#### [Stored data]
= = = = =
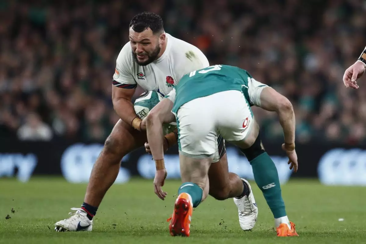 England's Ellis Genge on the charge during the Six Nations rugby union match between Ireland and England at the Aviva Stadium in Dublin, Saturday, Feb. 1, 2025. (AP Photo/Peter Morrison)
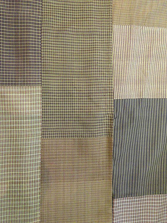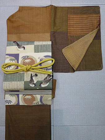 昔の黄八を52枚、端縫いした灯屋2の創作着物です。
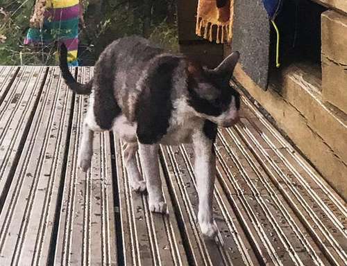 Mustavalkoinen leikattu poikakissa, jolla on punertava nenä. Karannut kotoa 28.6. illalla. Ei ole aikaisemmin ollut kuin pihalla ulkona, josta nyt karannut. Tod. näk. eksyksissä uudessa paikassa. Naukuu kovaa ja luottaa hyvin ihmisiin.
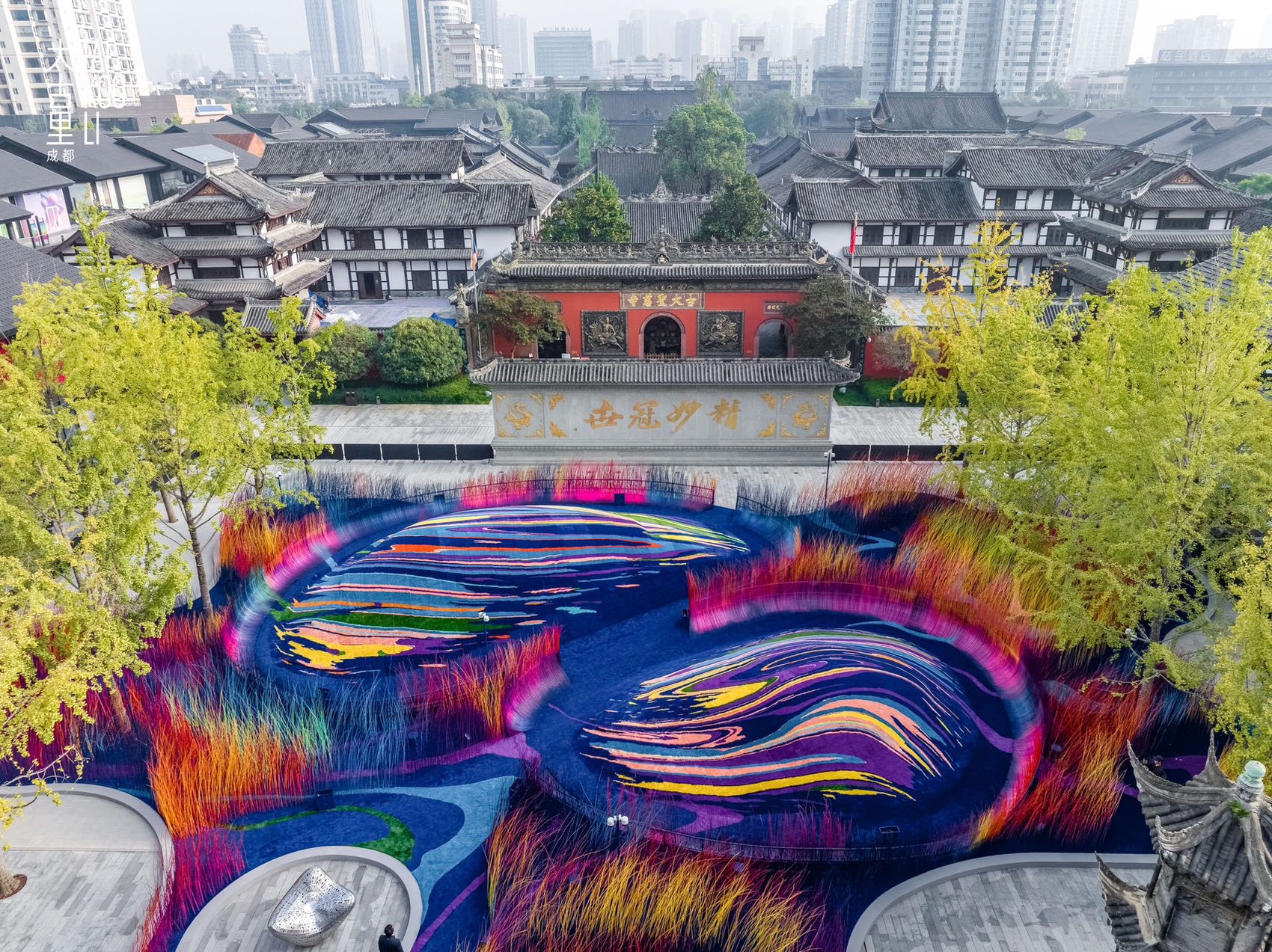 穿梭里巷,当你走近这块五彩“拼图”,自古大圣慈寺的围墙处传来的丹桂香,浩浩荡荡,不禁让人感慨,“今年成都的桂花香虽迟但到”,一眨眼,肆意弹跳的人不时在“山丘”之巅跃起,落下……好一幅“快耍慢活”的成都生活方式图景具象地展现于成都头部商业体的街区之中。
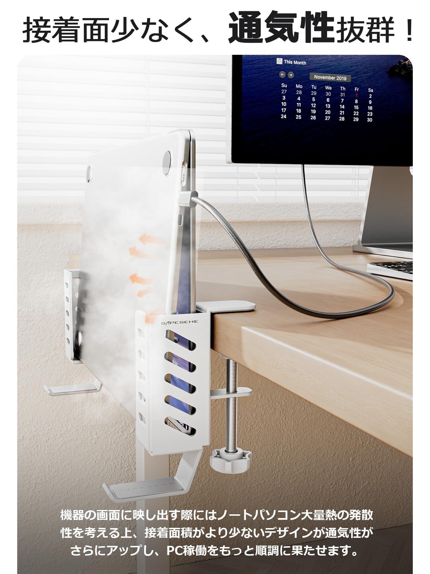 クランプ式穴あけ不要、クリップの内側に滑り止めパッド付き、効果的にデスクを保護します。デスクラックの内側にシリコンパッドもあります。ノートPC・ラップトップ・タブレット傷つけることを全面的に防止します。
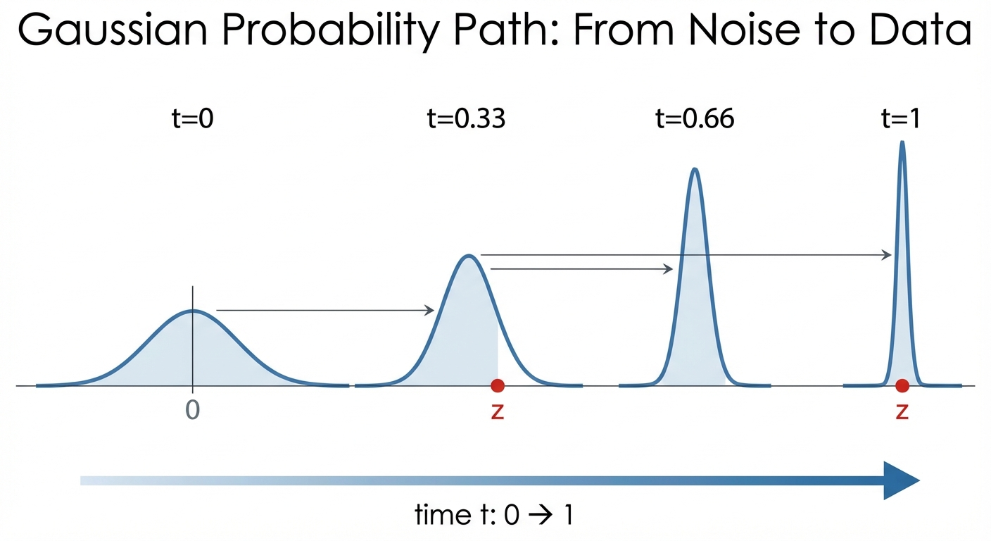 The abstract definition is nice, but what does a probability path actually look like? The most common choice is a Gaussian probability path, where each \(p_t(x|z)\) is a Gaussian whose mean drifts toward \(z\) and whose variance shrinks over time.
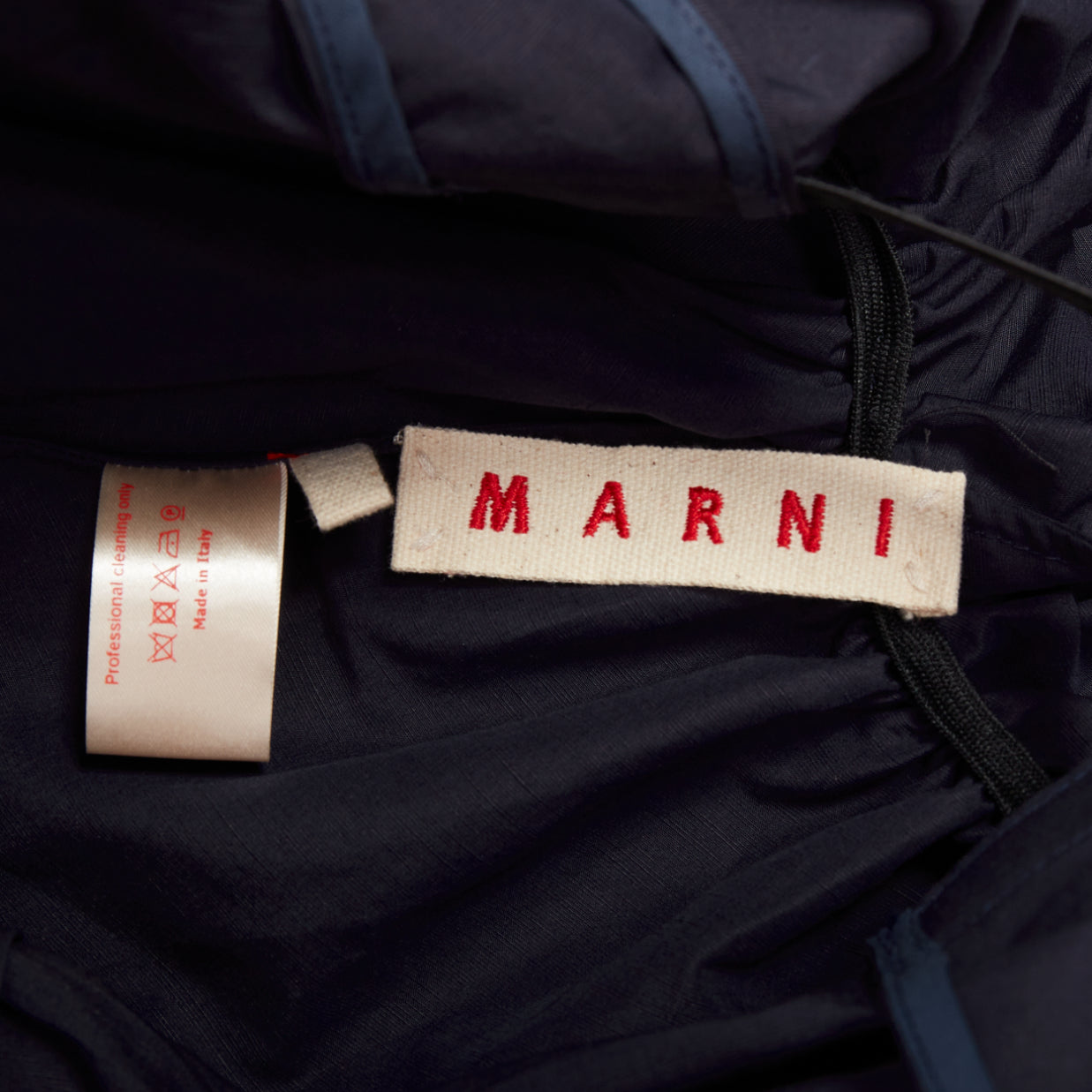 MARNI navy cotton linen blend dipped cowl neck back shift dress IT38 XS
= = = = =
#### [THE TASK]
Look above for the line with "昔の黄八を52枚、端縫いした灯屋2の創作着物です。"; quote it and every line after it, stopping after the line with "クランプ式穴あけ不要、クリッ", exactly, with nothing added and without pictures.

#### [EXPECTED ANSWER]
 昔の黄八を52枚、端縫いした灯屋2の創作着物です。
 Mustavalkoinen leikattu poikakissa, jolla on punertava nenä. Karannut kotoa 28.6. illalla. Ei ole aikaisemmin ollut kuin pihalla ulkona, josta nyt karannut. Tod. näk. eksyksissä uudessa paikassa. Naukuu kovaa ja luottaa hyvin ihmisiin.
 穿梭里巷,当你走近这块五彩“拼图”,自古大圣慈寺的围墙处传来的丹桂香,浩浩荡荡,不禁让人感慨,“今年成都的桂花香虽迟但到”,一眨眼,肆意弹跳的人不时在“山丘”之巅跃起,落下……好一幅“快耍慢活”的成都生活方式图景具象地展现于成都头部商业体的街区之中。
 クランプ式穴あけ不要、クリップの内側に滑り止めパッド付き、効果的にデスクを保護します。デスクラックの内側にシリコンパッドもあります。ノートPC・ラップトップ・タブレット傷つけることを全面的に防止します。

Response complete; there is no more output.